The lines in the listing below are to be given again exactly, starting at the line holding "毛皮着ているのに、わんこ達も寒いようです" and ending at the line holding "Elegant og enkel". Do not include pictures.

DATA SHOWN.
◇ ◇ ◇

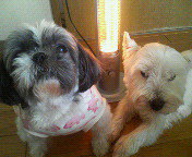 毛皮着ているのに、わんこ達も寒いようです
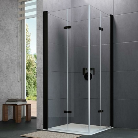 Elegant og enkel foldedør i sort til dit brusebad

◇ ◇ ◇

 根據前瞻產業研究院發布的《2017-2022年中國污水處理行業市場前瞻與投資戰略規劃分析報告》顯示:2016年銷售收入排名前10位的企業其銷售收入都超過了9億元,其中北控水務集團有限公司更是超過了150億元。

◇ ◇ ◇

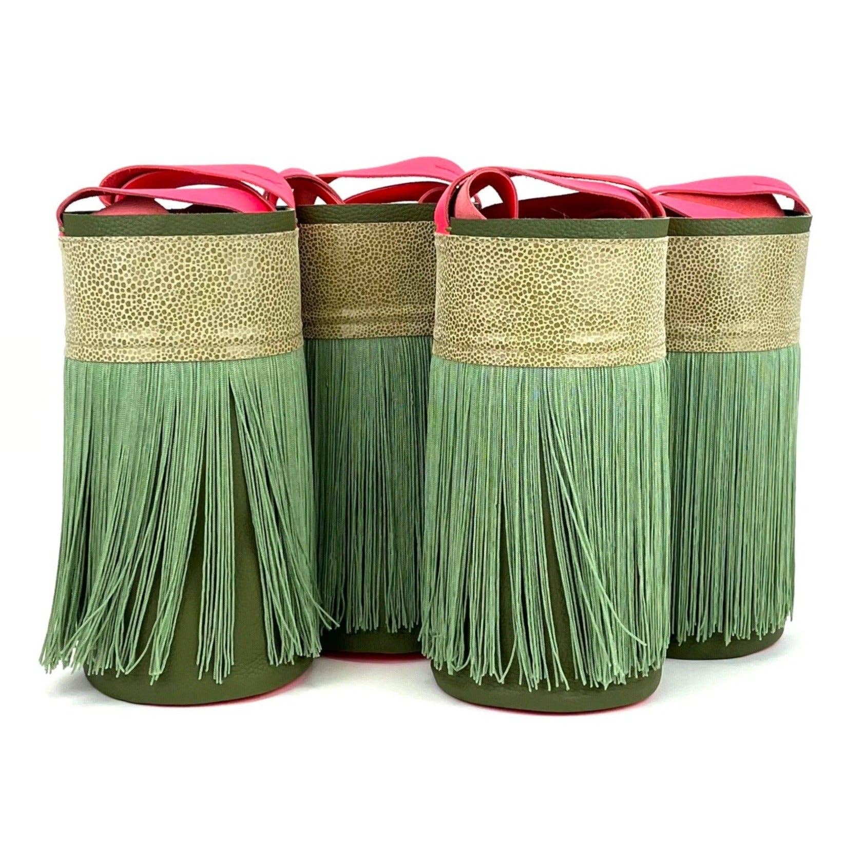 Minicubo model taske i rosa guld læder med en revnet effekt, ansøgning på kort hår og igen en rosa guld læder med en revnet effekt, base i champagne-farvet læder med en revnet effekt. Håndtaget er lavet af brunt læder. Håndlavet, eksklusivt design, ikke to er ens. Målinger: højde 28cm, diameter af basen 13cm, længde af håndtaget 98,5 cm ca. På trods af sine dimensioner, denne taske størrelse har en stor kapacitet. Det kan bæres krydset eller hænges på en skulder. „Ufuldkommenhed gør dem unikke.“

◇ ◇ ◇

OUTPUT BELOW.
 毛皮着ているのに、わんこ達も寒いようです
 Elegant og enkel foldedør i sort til dit brusebad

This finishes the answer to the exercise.